Robinson's complex cosmic romance
Robinson’s non-fiction, which a lapsed Catholic friend passed on to me - unable to cope with the cognitive dissonance of the beauty of Gilead compared with her Christian humanist and Calvinist theological and cultural pieces - is informed by Augustinians of the calibre of Calvin and Jonathan Edwards, perhaps America’s greatest theologian. It combines, in a ‘Christianly’ way, the rational, emotional and aesthetic, which the Enlightenment tore into competing movements (see Henry May, The Enlightenment in America, 1976), now fully fragmented between cultural postmodernism, populism and the tired, toxic, now old Atheists.
But Robinson would, I believe, be in agreement with the great poetic genius of 20th century Reformed theologian, Karl Barth. Barth abhorred apologetic theology, watered down to a liberalism lite of pop psychology emotionality (and/or dry rationalism) tailored to what Schleiermacher (19th century liberalism's founder) called 'religion's cultured despisers'. Instead, he unself-consciously and unapologetically tells a vast story of God’s triune dance through creation and history, encapsulating his experience of Christmas and passion plays performed with great drama in his childhood Basel, bringing to vivid life the story of the incomparable divine human.
Robinson describes something similar of Jonathan Edwards:
I was moved and instructed precisely by the vast theater Edwards's vision proposes for complexity and uncertainty, for a universe that is orderly without being mechanical, that is open to and participates in possibility, indeterminacy, and even providence. It taught me to think in terms that finally did some justice to the complexity of things.
Moore next describes the last of Robinson's trilogy, Lila, aptly named after an orphaned, abused, almost enslaved wild-child like woman. Like Robinson's other novels, it
doesn't shrink from mystery or suffering, from those vertiginous gaps between our existence and our understanding of it. In one of the most beautiful twists in contemporary fiction, the prickly, vagrant Lila, haunted by a past of grinding hardship and neglect and stumbling on her wanderings into insignificant Gilead, finds herself the wife of the kind old Reverend, carrying his child and living an existence she can't quite grasp as her own.
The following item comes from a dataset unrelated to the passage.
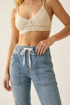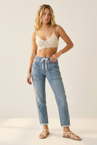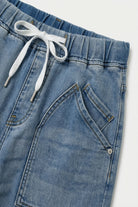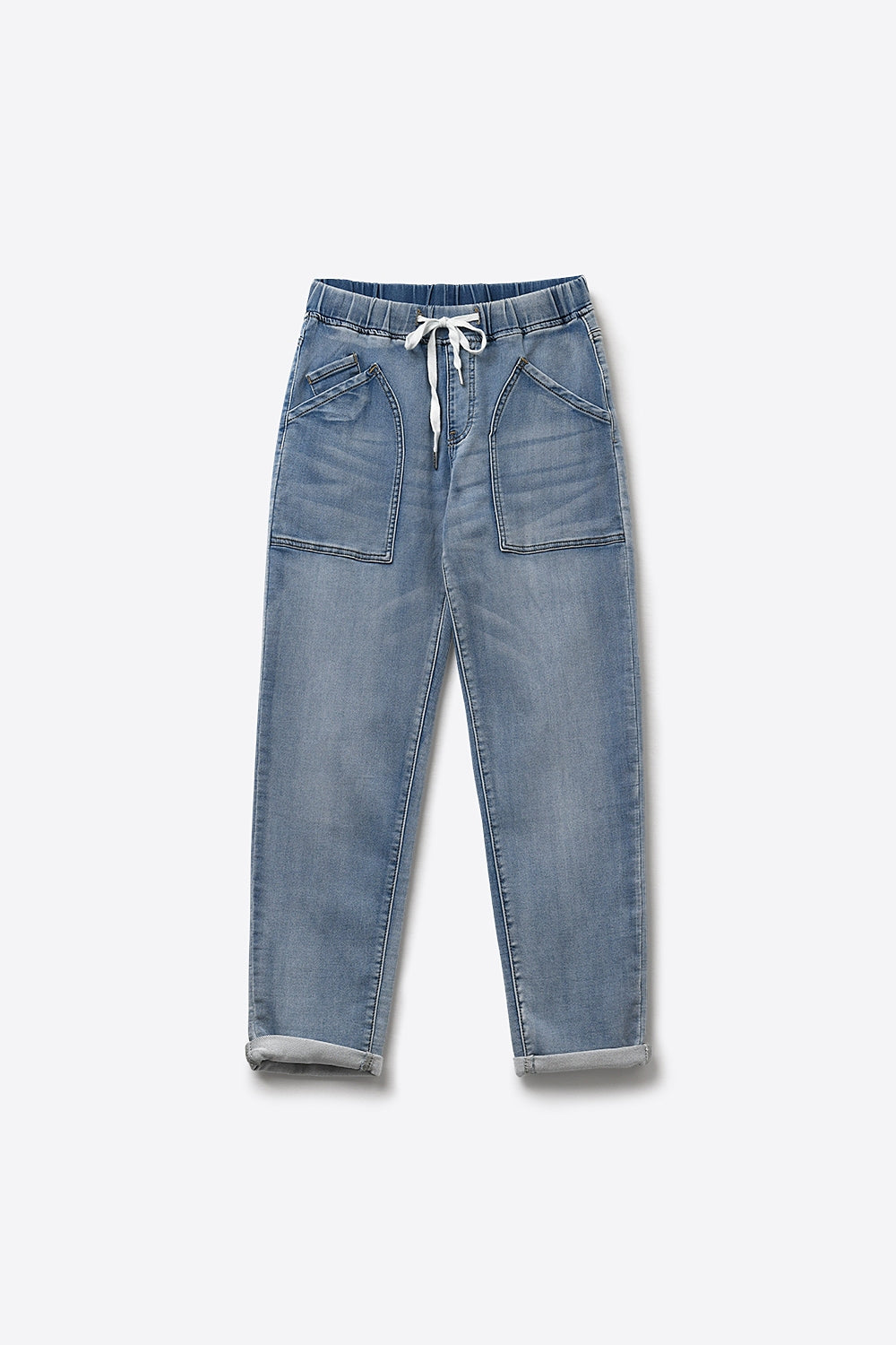 Jean denim jogger bleu clair femme taille cordon coupe decontractee

Both husband and wife, working from very different premises and personal histories, grapple with the scale and the burden of human suffering, as well as the glories of human life. “Life on earth is difficult and grave, and marvellous”, Ames writes, and reads aloud to Lila. “Our experience is fragmentary. Its parts don't add up. They don't even belong in the same calculation”. Neither Ames nor Robinson attempt a theodicy: a “defence” of God's existence and goodness in the face of evil and suffering not least depicted in Atwood’s Gilead]. Lila is not, after all, “religious” literature. It simply bends its gaze on a faith that is unsqueamish, experientially full, and interpretatively meaningful for those who hold it.
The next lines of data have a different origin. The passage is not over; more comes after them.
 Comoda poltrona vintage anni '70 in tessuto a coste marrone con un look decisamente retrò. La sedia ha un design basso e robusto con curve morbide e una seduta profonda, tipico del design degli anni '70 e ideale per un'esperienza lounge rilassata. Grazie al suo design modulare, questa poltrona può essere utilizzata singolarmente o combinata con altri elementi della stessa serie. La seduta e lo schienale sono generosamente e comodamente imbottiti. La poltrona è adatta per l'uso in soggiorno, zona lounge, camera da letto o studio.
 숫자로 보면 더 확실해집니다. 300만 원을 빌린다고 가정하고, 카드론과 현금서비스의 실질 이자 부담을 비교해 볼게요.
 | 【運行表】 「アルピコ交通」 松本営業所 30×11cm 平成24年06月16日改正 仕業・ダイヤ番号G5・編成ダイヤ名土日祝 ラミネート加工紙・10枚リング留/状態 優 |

In a time when Christianity Today has replaced John Wilson’s wonderful engagement of Books & Culture with a largely in-house magazine of religious literature, we can only pray for more Robinsons and more glorious awe-dinary Gileads. And in a time when media depictions of messianic male violence make us wince and shamed, we look to more Robinsons for a depiction of humble-Christ-like love and service as minister, husband, father and faithful friend, in the non-hagiographical Rev. Ames.
Gordon Preece is Director of Ethos and of RASP, the Centre for Research in Religion and Social Policy, University of Divinity.